• [WHAT YOU SHOULD DO] Repeat exactly the lines of the material below that run from the "Die langsam löslichen" line to the "Skønne Name It" line, including both, and do not carry over any pictures.

• [DATA EXTRACT]
▬▬▬▬▬▬

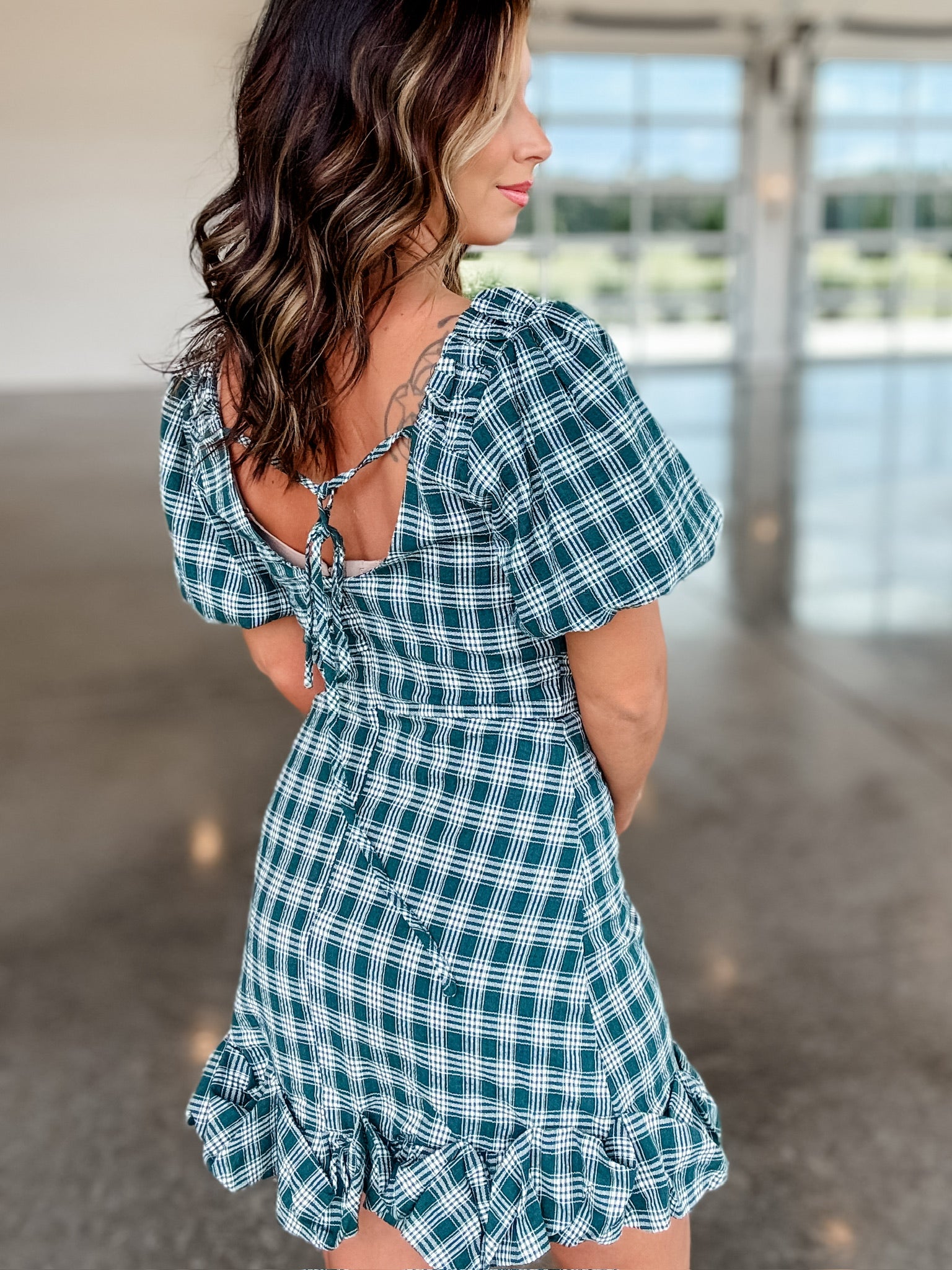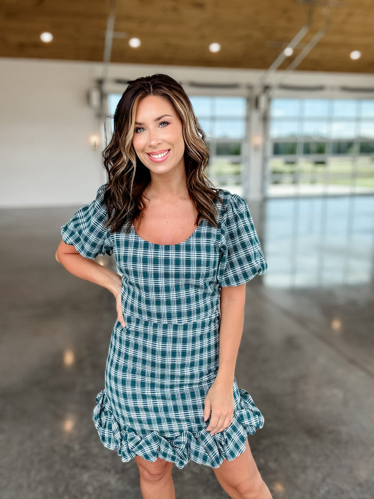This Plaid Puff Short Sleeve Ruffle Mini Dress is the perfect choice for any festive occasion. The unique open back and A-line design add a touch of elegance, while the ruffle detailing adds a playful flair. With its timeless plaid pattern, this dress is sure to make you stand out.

▬▬▬▬▬▬

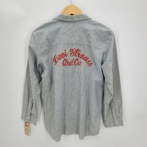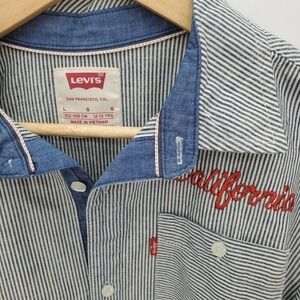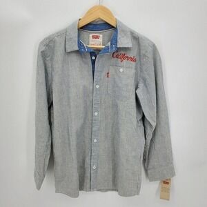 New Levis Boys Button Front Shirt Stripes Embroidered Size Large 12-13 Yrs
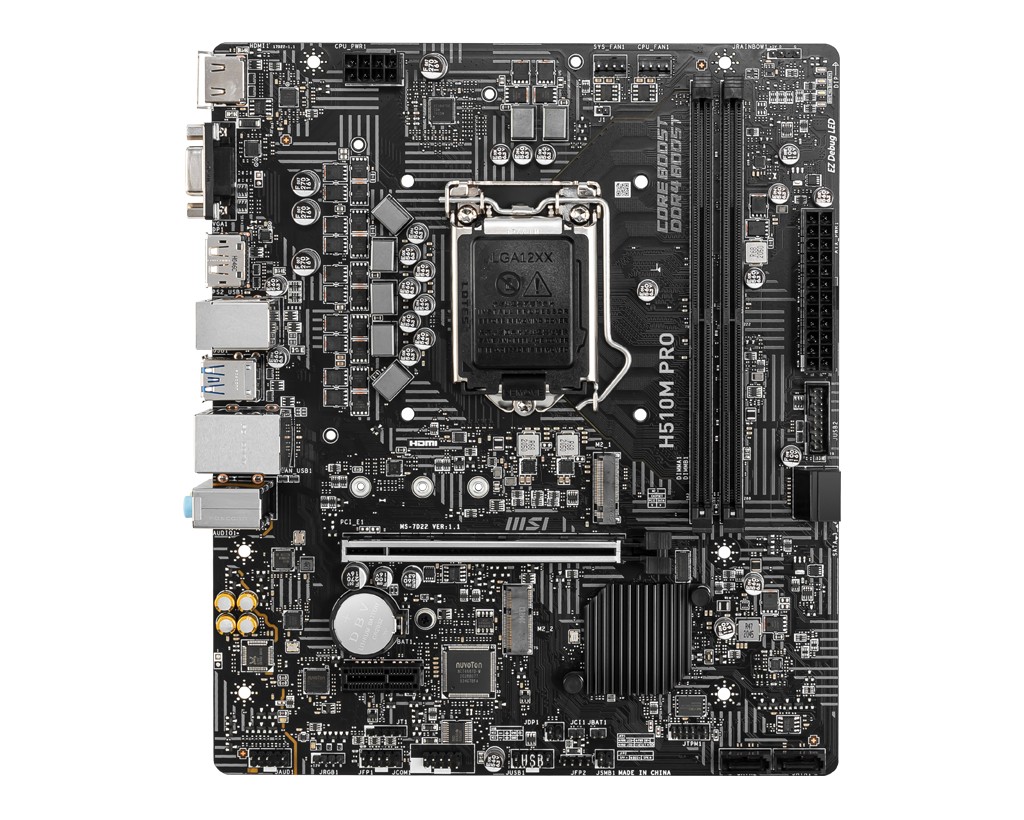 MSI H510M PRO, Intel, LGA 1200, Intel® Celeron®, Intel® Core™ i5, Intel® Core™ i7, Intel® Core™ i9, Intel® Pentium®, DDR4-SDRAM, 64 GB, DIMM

▬▬▬▬▬▬

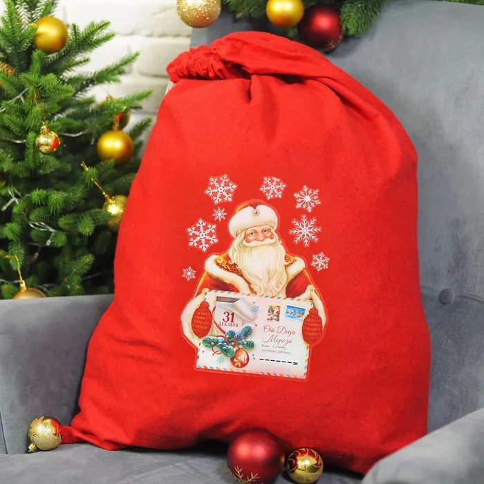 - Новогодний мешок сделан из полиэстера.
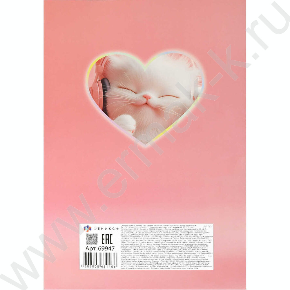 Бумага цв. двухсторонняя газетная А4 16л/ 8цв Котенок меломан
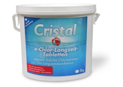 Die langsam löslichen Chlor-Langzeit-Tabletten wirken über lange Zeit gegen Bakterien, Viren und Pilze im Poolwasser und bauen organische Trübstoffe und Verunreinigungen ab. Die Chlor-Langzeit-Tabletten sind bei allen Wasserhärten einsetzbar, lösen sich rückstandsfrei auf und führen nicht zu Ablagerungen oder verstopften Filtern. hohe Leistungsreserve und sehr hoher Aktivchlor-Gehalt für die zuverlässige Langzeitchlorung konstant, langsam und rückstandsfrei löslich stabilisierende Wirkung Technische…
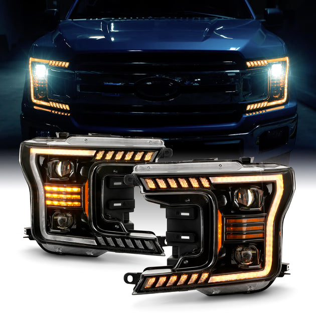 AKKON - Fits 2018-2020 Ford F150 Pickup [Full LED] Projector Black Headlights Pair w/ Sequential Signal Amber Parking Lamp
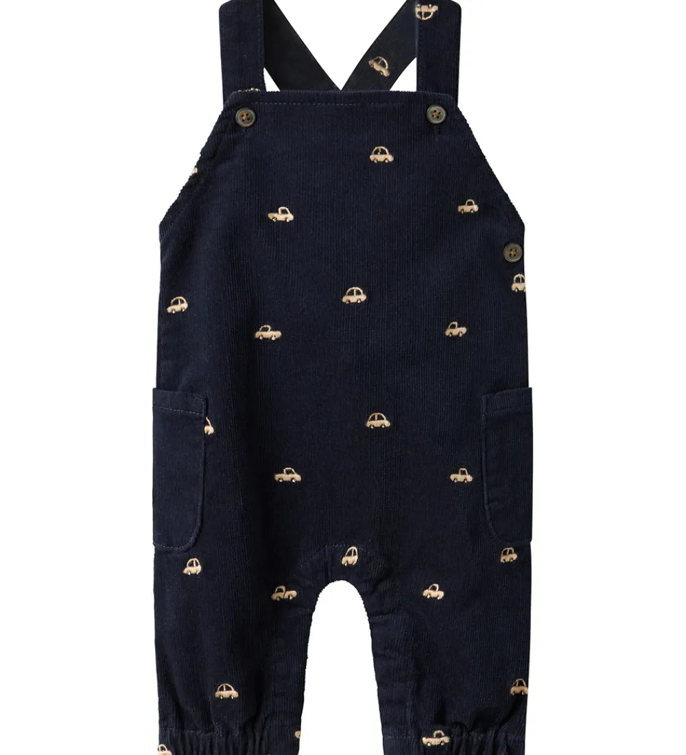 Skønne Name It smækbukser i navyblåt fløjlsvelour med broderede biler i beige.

▬▬▬▬▬▬

• [TASK OUTPUT]
 Die langsam löslichen Chlor-Langzeit-Tabletten wirken über lange Zeit gegen Bakterien, Viren und Pilze im Poolwasser und bauen organische Trübstoffe und Verunreinigungen ab. Die Chlor-Langzeit-Tabletten sind bei allen Wasserhärten einsetzbar, lösen sich rückstandsfrei auf und führen nicht zu Ablagerungen oder verstopften Filtern. hohe Leistungsreserve und sehr hoher Aktivchlor-Gehalt für die zuverlässige Langzeitchlorung konstant, langsam und rückstandsfrei löslich stabilisierende Wirkung Technische…
 AKKON - Fits 2018-2020 Ford F150 Pickup [Full LED] Projector Black Headlights Pair w/ Sequential Signal Amber Parking Lamp
 Skønne Name It smækbukser i navyblåt fløjlsvelour med broderede biler i beige.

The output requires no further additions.